EXERCISE OBJECTIVE: Using the listing below, copy exactly each line from the one that has "Signed Original Sexy" through the one that has "Gucci Zumi Tiger"; omit the pictures.

DATASET ENTRIES:
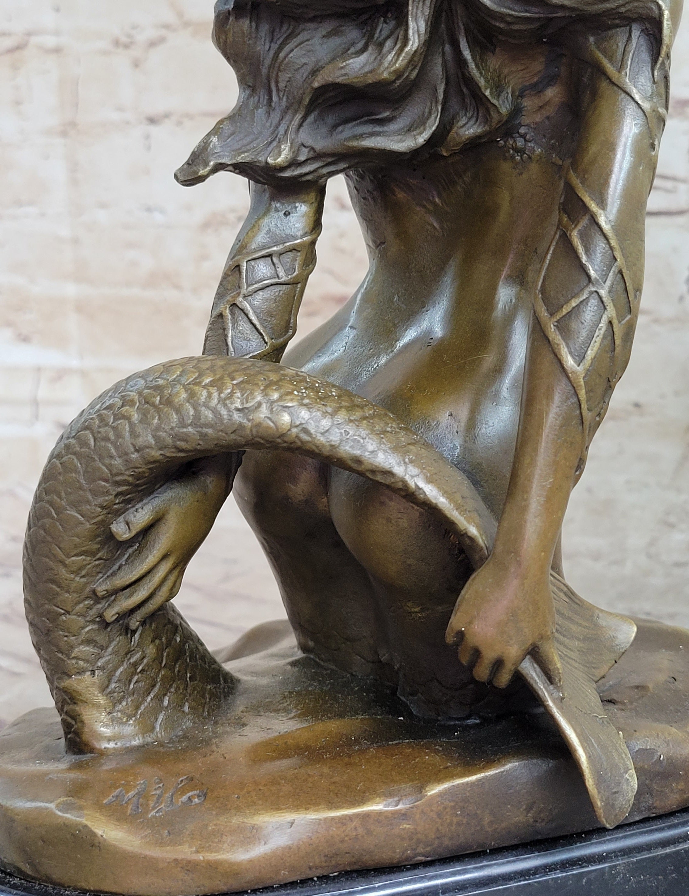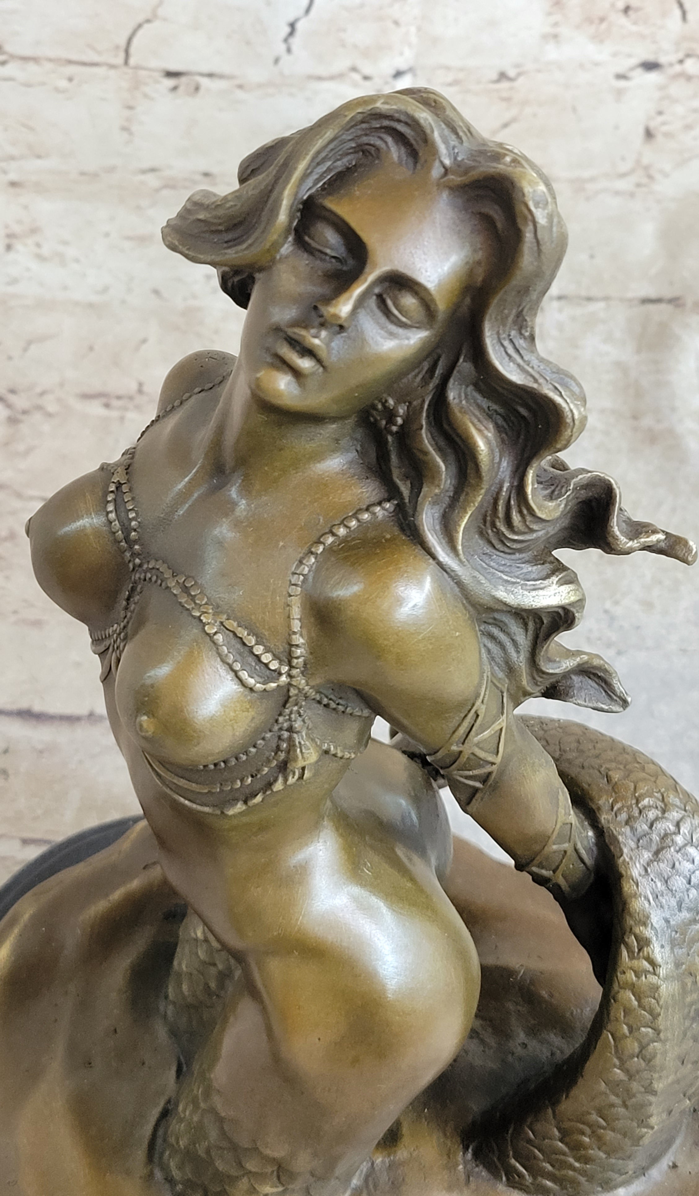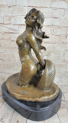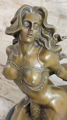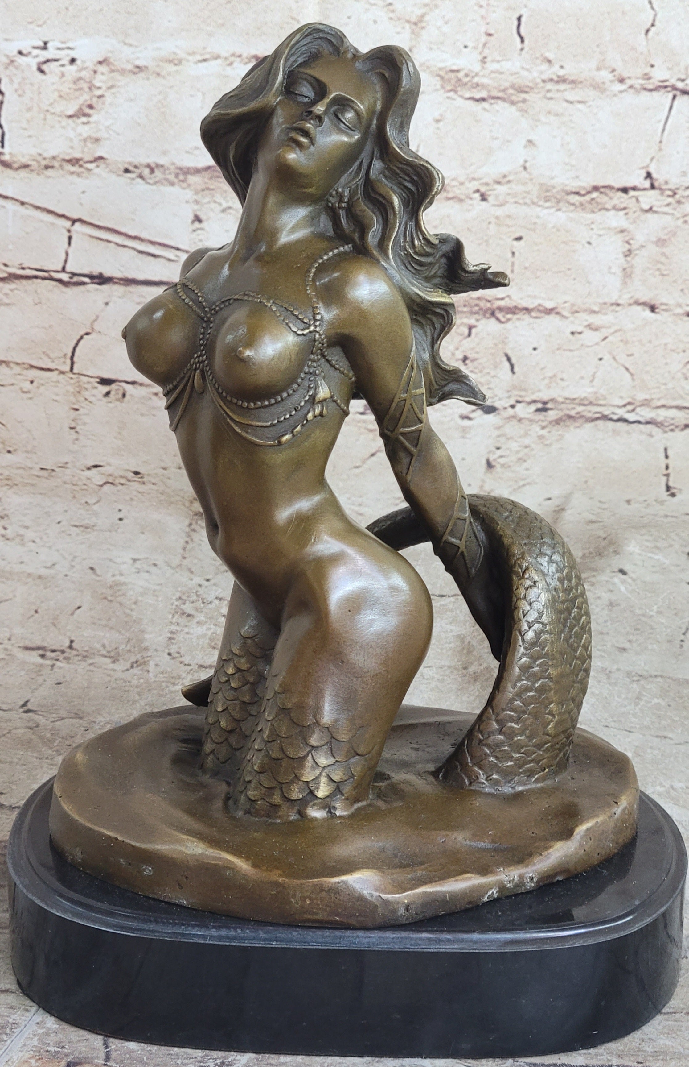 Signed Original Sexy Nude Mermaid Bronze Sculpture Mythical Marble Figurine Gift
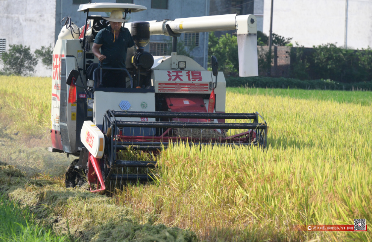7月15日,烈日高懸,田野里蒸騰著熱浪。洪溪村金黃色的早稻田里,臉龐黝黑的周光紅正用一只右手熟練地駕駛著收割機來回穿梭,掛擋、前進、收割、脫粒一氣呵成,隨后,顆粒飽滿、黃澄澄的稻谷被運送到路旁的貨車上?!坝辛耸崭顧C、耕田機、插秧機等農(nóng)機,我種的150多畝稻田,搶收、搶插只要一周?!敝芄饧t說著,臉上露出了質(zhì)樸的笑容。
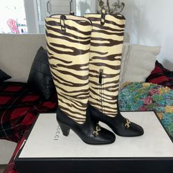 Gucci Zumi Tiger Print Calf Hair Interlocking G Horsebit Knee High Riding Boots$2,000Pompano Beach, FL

--

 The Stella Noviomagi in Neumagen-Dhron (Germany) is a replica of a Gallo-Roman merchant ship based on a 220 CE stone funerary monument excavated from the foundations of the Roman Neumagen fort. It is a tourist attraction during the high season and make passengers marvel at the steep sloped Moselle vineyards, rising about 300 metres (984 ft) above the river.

...

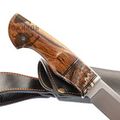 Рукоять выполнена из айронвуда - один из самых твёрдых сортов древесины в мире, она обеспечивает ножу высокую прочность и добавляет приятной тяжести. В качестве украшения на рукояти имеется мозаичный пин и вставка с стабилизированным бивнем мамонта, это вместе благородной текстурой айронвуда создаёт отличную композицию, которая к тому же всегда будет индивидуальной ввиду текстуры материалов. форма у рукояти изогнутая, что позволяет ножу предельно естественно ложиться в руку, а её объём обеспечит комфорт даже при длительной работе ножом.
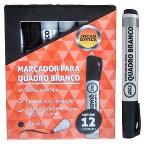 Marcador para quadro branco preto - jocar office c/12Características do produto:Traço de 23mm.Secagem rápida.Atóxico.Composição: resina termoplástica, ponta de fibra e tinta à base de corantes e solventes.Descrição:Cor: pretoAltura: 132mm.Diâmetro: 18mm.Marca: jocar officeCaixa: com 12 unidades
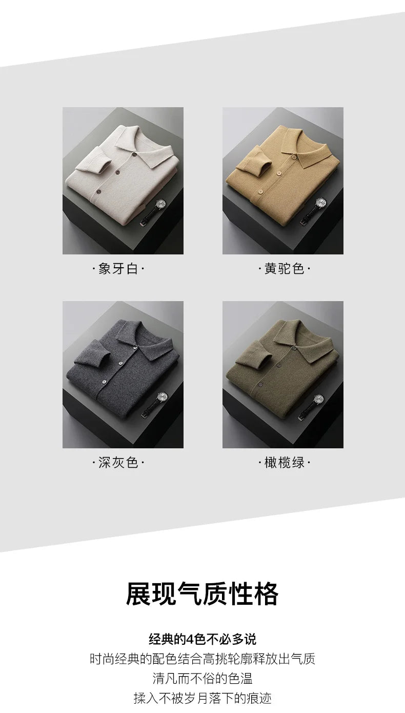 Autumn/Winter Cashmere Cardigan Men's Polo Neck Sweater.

WRITTEN SOLUTION:
 Signed Original Sexy Nude Mermaid Bronze Sculpture Mythical Marble Figurine Gift
7月15日,烈日高懸,田野里蒸騰著熱浪。洪溪村金黃色的早稻田里,臉龐黝黑的周光紅正用一只右手熟練地駕駛著收割機來回穿梭,掛擋、前進、收割、脫粒一氣呵成,隨后,顆粒飽滿、黃澄澄的稻谷被運送到路旁的貨車上?!坝辛耸崭顧C、耕田機、插秧機等農(nóng)機,我種的150多畝稻田,搶收、搶插只要一周?!敝芄饧t說著,臉上露出了質(zhì)樸的笑容。
 Gucci Zumi Tiger Print Calf Hair Interlocking G Horsebit Knee High Riding Boots$2,000Pompano Beach, FL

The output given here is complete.